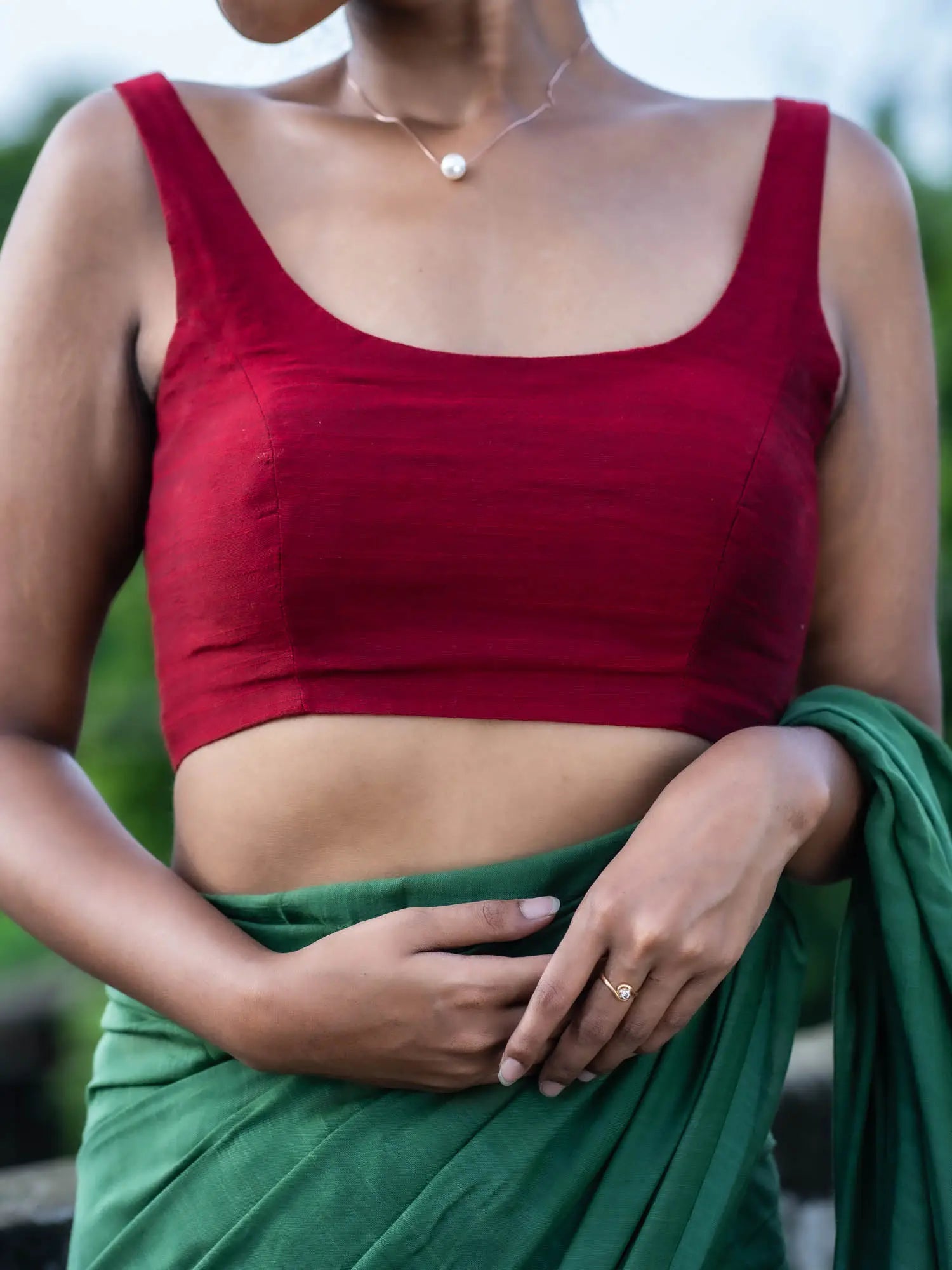 Be the life of every party with this maroon sleeveless blouse! Its gorgeous u-neck will give your silhouette an enticing appeal, and the maroon shade will give off a commanding aura. Look and feel premium with this classy u-neck blouse and flaunt your individuality in style!
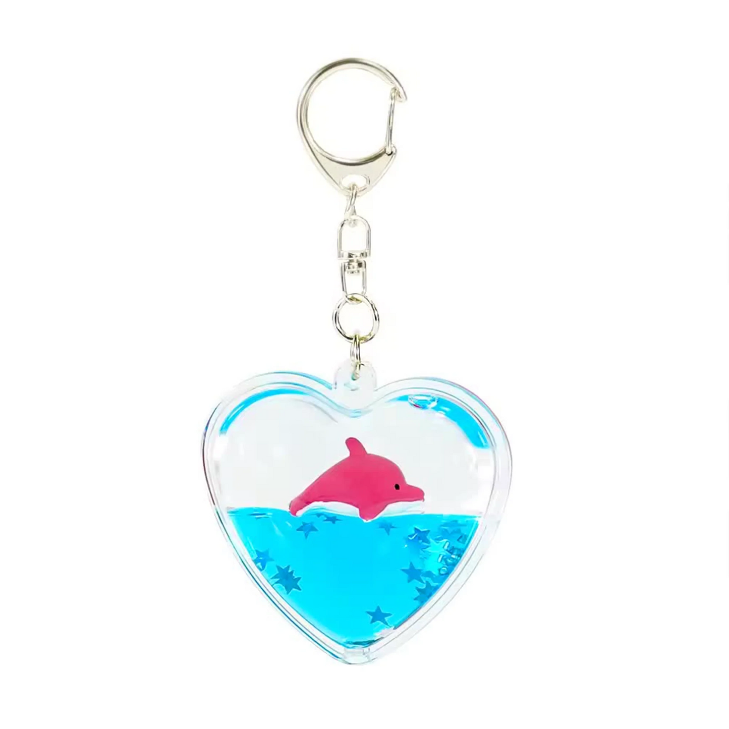 - Floating Pink Dolphin: Inside the charm, a playful pink dolphin floats effortlessly among tiny blue star-shaped particles, creating a serene underwater scene that captivates and delights.
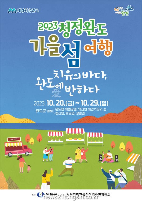 [뉴스21통신 박찬웅 기자] 「2023 청정 완도 가을 섬 여행」이 10월 20일부터 29일까지 청산도, 보길도, 생일도 등 섬 권역과 완도 해변공원, 약산 해안치유의 숲 등에서 열린다.
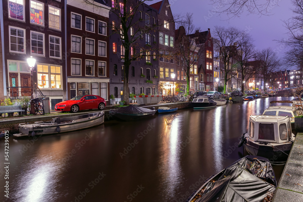 Beautiful old houses on the city waterfront of Amsterdam at sunset.

[YOUR GOAL]: Quote precisely the lines of the data from the line containing "- Floating Pink" through its final line, both included, excluding pictures.

[RESULT OF THE TASK]:
 - Floating Pink Dolphin: Inside the charm, a playful pink dolphin floats effortlessly among tiny blue star-shaped particles, creating a serene underwater scene that captivates and delights.
 [뉴스21통신 박찬웅 기자] 「2023 청정 완도 가을 섬 여행」이 10월 20일부터 29일까지 청산도, 보길도, 생일도 등 섬 권역과 완도 해변공원, 약산 해안치유의 숲 등에서 열린다.
 Beautiful old houses on the city waterfront of Amsterdam at sunset.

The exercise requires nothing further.